Malcolm Gregory, partner at Royds Withy King, also warned the number of claims could still increase further, with some currently “suppressed” as employees opted to “sit tight” during furlough. “I think the number of claims is set to rise significantly now and we will likely see a lot of claims relating to unfair redundancy, changing terms and conditions unlawfully and contractual issues around pay and benefits,” he said, expressing fears that a surge in cases “will soon overwhelm the system”.

The best way for employers to minimise the risk of a claim was to take advice at an early stage, Gregory said: “It may cost initially, but it could save you a lot of time and money down the line.”

Glenn Hayes, employment partner at Irwin Mitchell, said he also expected the number of claims to rise. Some employers, in their rush to cut costs, are making “basic errors in their redundancy programmes such as not going through a fair procedure”, while others are “getting rid of older staff which is directly discriminatory,” he said. 

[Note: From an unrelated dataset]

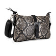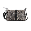Snake Print shoulder bag with detachable strap and silver D-Ring.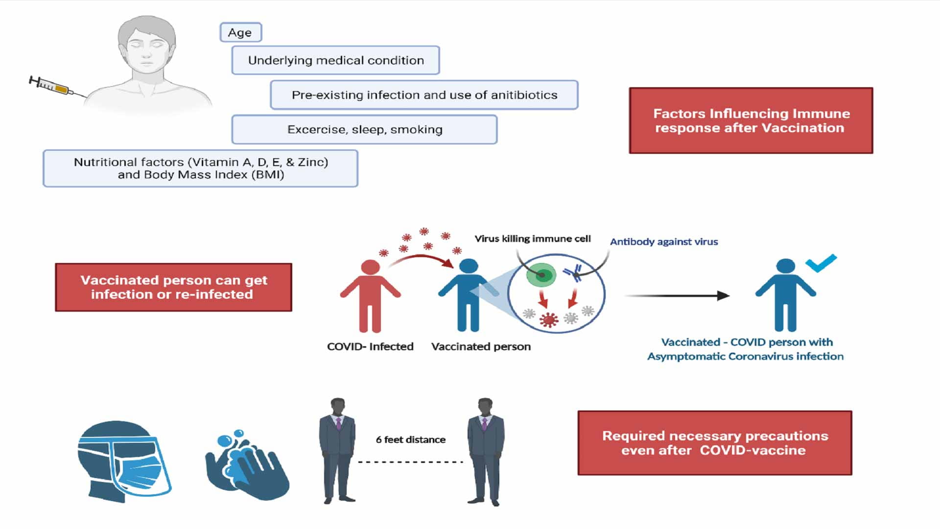 According to World Health Organization (WHO), vaccines save at least 2.5 million lives each year and are the most cost-effective life-saving medical intervention. However, in general, one must bear in mind, there are considerable differences between individuals concerning the immune response to vaccination. Regardless of the type of vaccine, many factors influence how individuals respond to vaccines. To name a few, we have age, any underlying medical conditions, any preexisting infections, use of antibiotics, exercise, sleep, smoking, body mass index, nutritional factors (Vitamin A, D, E, zinc), etc. Hence, it is not incomprehensible that substantial variation between individuals will influence the individual immune response to COVID-disease and vaccination.

“Companies should be aware that they are at risk of tribunal claims if they attempt to use redundancies as a cloak for breaching employment rights.”

The rise in claims is “concerning”, added Rachel Suff, senior policy advisor for the CIPD. “The current crisis means there's significant potential for conflict in workplaces, and employers and HR need to consult and communicate with their employees to support them through these challenging times,” she said.

Kate Palmer, associate director of HR Advisory at Peninsula, added that the increase in claims should “send a clear message to employers to make sure they are approaching all aspects of staff management in line with employment law”.

In contrast to the surge in single claims, the MoJ figures revealed the number of multiple claims – those brought by a group of claimants – submitted in the three months from April this year were down 43 per cent compared to 2019. 

However, disposals for multiple claims were also down 47 per cent over this period compared to 2019. As such, by the end of the quarter, the total number of outstanding multiple claims had risen to 417,765 – the highest level since 2014/15.

Overall, just 6,400 of all employment tribunal claims were disposed of during April to June, down 31 per cent on last year. “This decline in disposals is likely due to Covid-19-related impacts on the tribunals,” the report stated.